Sun Yan V, Jacobsen Douglas M, Turner Stephen T, Boerwinkle Eric, Kardia Sharon L R
Department of Epidemiology, School of Public Health, University of Michigan, Ann Arbor, Michigan.
Comput Stat Data Anal. 2009 Mar 15;53(5):1794-1801. doi: 10.1016/j.csda.2008.04.013.
In order to take into account the complex genomic distribution of SNP variations when identifying chromosomal regions with significant SNP effects, a single nucleotide polymorphism (SNP) association scan statistic was developed. To address the computational needs of genome wide association (GWA) studies, a fast Java application, which combines single-locus SNP tests and a scan statistic for identifying chromosomal regions with significant clusters of significant SNP effects, was developed and implemented. To illustrate this application, SNP associations were analyzed in a pharmacogenomic study of the blood pressure lowering effect of thiazide-diuretics (N=195) using the Affymetrix Human Mapping 100K Set. 55,335 tagSNPs (pair-wise linkage disequilibrium R(2)<0.5) were selected to reduce the frequency correlation between SNPs. A typical workstation can complete the whole genome scan including 10,000 permutation tests within 3 hours. The most significant regions locate on chromosome 3, 6, 13 and 16, two of which contain candidate genes that may be involved in the underlying drug response mechanism.

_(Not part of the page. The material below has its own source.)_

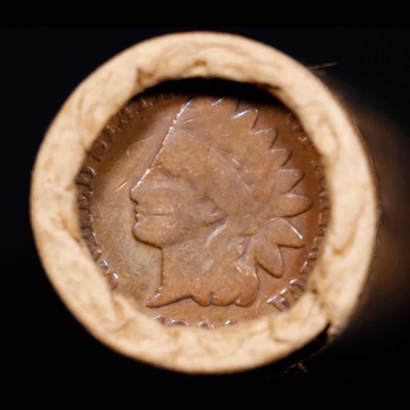 Mixed small cents 1c orig shotgun roll, 1919-S Wheat Cent, 1890 Indian Cent other end, Brinks Wrappe

The computational performance of ChromoScan-GWA and its scalability were tested with up to 1,000,000 SNPs and up to 4,000 subjects. Using 10,000 permutations, the computation time grew linearly in these datasets. This scan statistic application provides a robust statistical and computational foundation for identifying genomic regions associated with disease and provides a method to compare GWA results even across different platforms.
为了在识别具有显著单核苷酸多态性(SNP)效应的染色体区域时考虑SNP变异的复杂基因组分布,开发了一种单核苷酸多态性(SNP)关联扫描统计量。为满足全基因组关联(GWA)研究的计算需求,开发并实现了一个快速Java应用程序,该程序结合了单基因座SNP测试和一种扫描统计量,用于识别具有显著SNP效应簇的染色体区域。为说明此应用程序,在一项使用Affymetrix Human Mapping 100K Set进行的噻嗪类利尿剂降压效果的药物基因组学研究(N = 195)中分析了SNP关联。选择了55,335个标签SNP(成对连锁不平衡R(2)<0.5)以降低SNP之间的频率相关性。一台典型的工作站可以在3小时内完成包括10,000次置换检验的全基因组扫描。最显著的区域位于3号、6号、13号和16号染色体上,其中两个区域包含可能参与潜在药物反应机制的候选基因。使用多达1,000,000个SNP和多达4,000名受试者对ChromoScan-GWA的计算性能及其可扩展性进行了测试。使用10,000次置换,在这些数据集中计算时间呈线性增长。这种扫描统计量应用程序为识别与疾病相关的基因组区域提供了强大的统计和计算基础,并提供了一种即使在不同平台之间比较GWA结果的方法。